An estimated 30,000 Italians, some waving rainbow flags, marched in Rome on Saturday demanding that Italy stop sending weapons to Ukraine.
Demonstrators included students, scouts, labour unions and Catholic associations. They called for a negotiated end to the conflict.
New Prime Minister Giorgia Meloni has been a steadfast supporter of Ukraine and its right to self defence, but her coalition partners, Lega Nord and Forza Italia, have historical links with Russia’s Putin. Two weeks ago Berlusconi and Putin exchanged gifts of alcohol and “sweet letters” of friendship.
In addition to wanting peace for its own sake, many of Saturday’s demonstrators were unhappy at the effect that the war has had on their own cost of living.
Meanwhile in Milan, the Azione party organised a demonstration in support of Ukraine.
That march was strongly supported by Italy’s large Ukrainian community.
According to a report in the Financial Times, Oles Horodetskyy, president of the Christian Association of Ukrainians in Italy, asked of the marchers in Rome: “Are they pro-peace or pro-Putin. Not giving weapons to those defending themselves from attackers means to favour those who attack.”

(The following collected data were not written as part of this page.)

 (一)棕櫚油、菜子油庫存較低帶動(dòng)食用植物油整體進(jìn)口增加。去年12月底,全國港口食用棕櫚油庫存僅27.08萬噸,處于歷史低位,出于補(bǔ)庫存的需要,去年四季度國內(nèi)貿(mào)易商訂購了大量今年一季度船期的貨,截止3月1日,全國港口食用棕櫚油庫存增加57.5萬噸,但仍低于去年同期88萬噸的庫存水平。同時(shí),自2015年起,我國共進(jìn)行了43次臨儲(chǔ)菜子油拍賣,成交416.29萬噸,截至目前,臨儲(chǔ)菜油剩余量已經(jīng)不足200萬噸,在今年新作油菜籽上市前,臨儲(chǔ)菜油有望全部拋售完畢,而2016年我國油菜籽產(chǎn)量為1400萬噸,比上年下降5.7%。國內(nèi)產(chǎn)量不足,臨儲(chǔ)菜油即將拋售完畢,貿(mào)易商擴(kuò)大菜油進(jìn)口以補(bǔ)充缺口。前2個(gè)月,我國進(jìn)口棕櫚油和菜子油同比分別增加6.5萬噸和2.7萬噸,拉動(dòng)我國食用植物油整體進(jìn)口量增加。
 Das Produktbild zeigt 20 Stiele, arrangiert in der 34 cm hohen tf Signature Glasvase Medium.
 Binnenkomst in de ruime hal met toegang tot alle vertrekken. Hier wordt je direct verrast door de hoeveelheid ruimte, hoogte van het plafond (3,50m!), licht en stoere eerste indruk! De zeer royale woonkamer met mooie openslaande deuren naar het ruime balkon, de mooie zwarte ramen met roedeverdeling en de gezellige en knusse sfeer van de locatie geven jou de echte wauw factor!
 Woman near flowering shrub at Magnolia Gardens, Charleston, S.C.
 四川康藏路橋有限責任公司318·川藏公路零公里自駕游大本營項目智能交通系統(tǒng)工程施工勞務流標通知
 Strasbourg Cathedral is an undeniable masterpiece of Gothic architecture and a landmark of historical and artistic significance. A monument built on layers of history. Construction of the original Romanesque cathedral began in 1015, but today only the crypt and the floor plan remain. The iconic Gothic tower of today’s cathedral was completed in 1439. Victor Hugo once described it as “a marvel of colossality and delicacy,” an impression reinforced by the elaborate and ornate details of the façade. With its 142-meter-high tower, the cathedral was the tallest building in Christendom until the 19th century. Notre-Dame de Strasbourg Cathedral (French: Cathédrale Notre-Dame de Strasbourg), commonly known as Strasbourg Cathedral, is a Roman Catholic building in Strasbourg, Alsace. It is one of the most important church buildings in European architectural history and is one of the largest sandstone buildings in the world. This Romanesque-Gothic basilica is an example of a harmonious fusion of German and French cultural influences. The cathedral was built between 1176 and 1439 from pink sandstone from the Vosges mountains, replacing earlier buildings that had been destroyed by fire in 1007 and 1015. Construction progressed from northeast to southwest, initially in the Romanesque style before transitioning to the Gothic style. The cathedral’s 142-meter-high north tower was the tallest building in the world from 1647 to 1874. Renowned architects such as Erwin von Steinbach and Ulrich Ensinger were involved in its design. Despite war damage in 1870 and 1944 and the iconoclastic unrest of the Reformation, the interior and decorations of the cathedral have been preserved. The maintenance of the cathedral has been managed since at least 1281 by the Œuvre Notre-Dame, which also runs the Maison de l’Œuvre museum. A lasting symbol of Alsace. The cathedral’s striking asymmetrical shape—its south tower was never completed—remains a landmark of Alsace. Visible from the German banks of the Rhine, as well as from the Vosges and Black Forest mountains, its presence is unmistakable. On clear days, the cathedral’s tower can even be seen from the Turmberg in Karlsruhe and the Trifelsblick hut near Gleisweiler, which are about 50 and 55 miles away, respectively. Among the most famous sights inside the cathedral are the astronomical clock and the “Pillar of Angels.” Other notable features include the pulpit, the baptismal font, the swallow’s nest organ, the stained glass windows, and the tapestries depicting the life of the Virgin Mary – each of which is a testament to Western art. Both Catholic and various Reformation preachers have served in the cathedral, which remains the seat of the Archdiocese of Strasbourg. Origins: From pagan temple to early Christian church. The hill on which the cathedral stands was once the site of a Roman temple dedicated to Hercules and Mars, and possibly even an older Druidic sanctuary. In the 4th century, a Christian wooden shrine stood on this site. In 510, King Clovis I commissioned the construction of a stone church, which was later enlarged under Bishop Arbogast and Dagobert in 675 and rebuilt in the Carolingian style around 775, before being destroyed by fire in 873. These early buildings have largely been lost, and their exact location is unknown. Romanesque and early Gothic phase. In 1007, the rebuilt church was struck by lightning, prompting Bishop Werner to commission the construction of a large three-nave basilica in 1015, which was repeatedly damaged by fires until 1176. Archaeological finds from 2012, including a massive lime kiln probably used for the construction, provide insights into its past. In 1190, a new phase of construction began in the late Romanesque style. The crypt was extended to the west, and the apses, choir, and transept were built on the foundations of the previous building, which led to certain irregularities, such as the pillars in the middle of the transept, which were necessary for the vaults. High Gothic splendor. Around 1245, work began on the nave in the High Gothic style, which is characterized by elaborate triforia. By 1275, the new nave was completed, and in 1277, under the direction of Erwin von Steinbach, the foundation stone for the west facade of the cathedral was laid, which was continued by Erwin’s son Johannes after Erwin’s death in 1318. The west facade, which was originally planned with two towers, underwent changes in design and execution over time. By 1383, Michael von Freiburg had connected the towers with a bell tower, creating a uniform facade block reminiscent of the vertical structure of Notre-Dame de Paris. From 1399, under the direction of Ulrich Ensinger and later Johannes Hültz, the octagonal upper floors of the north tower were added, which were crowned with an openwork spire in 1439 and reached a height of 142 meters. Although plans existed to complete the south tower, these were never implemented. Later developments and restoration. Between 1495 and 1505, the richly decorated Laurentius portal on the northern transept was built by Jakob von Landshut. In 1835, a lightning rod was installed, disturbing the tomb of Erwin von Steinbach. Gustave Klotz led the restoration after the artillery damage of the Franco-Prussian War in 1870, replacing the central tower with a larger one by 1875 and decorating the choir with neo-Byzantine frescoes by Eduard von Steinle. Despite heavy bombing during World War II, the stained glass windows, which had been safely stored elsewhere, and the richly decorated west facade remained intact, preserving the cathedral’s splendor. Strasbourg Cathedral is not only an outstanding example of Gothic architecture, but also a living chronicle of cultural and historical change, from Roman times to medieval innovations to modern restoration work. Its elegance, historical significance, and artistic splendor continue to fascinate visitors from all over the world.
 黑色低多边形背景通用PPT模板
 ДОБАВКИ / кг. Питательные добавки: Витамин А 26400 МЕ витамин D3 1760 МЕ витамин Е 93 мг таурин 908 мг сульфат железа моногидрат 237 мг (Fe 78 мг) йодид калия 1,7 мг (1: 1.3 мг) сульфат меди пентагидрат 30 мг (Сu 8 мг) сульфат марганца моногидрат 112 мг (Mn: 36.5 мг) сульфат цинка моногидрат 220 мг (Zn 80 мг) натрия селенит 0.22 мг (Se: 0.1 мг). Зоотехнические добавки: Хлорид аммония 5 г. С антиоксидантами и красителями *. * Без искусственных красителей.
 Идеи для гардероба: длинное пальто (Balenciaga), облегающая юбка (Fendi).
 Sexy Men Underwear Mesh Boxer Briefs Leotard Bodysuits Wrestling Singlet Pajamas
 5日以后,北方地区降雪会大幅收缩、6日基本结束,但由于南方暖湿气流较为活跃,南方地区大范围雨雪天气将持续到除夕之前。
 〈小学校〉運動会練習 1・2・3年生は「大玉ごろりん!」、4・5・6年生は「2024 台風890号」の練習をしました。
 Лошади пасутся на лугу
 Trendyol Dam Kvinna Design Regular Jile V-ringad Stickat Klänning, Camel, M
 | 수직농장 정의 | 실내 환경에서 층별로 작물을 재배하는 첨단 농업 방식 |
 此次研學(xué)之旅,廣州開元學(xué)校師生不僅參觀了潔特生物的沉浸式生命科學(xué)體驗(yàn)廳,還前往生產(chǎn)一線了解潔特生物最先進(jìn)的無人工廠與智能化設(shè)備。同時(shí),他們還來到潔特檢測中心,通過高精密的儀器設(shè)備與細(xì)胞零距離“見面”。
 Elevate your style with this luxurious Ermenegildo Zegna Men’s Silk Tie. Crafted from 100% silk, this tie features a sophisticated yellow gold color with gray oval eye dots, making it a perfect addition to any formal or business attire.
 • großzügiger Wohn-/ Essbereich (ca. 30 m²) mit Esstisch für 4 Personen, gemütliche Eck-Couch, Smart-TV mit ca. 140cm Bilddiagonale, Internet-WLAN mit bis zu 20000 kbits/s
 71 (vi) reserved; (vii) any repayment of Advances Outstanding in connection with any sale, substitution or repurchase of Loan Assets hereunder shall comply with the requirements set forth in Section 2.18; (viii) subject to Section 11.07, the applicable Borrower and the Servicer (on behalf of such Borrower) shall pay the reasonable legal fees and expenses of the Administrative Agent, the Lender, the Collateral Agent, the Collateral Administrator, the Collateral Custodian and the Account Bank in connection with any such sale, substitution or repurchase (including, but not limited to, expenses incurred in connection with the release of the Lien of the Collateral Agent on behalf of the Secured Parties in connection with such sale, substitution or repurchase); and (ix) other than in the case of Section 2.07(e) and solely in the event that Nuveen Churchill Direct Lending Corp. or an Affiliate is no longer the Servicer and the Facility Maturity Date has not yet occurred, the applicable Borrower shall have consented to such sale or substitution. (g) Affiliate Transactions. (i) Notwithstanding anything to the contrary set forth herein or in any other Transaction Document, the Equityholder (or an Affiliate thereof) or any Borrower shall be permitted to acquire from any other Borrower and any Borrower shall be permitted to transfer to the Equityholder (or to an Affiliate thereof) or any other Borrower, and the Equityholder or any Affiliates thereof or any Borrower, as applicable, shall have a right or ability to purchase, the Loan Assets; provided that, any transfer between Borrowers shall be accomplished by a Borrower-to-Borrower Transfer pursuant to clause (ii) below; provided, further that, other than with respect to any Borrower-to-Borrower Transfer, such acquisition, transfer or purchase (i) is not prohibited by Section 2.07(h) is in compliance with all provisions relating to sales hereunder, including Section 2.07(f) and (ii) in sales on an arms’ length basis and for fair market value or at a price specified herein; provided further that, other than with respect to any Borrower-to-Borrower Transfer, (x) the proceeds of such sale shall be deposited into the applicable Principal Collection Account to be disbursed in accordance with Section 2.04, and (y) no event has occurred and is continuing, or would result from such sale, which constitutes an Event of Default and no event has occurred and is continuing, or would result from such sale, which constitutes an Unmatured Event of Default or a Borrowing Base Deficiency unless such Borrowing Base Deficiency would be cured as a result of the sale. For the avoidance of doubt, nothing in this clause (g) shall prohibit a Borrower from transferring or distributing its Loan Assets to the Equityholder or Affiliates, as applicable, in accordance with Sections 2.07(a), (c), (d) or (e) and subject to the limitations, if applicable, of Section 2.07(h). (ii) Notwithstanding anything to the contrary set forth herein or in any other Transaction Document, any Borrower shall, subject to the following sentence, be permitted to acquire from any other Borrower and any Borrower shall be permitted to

Meanwhile, as temperatures in much of Ukraine fall below zero at night, Russian forces continue to destroy Ukraine’s energy network, either in an attempt to freeze the country into submission or simply as an act of revenge for battlefield losses. What we in the West so often fail to appreciate is the depth to which Slavic bloody-mindedness can sink, and in which there are no winners.
The idea of a negotiated settlement is pure fantasy and very dangerous self-delusion. Watch this space.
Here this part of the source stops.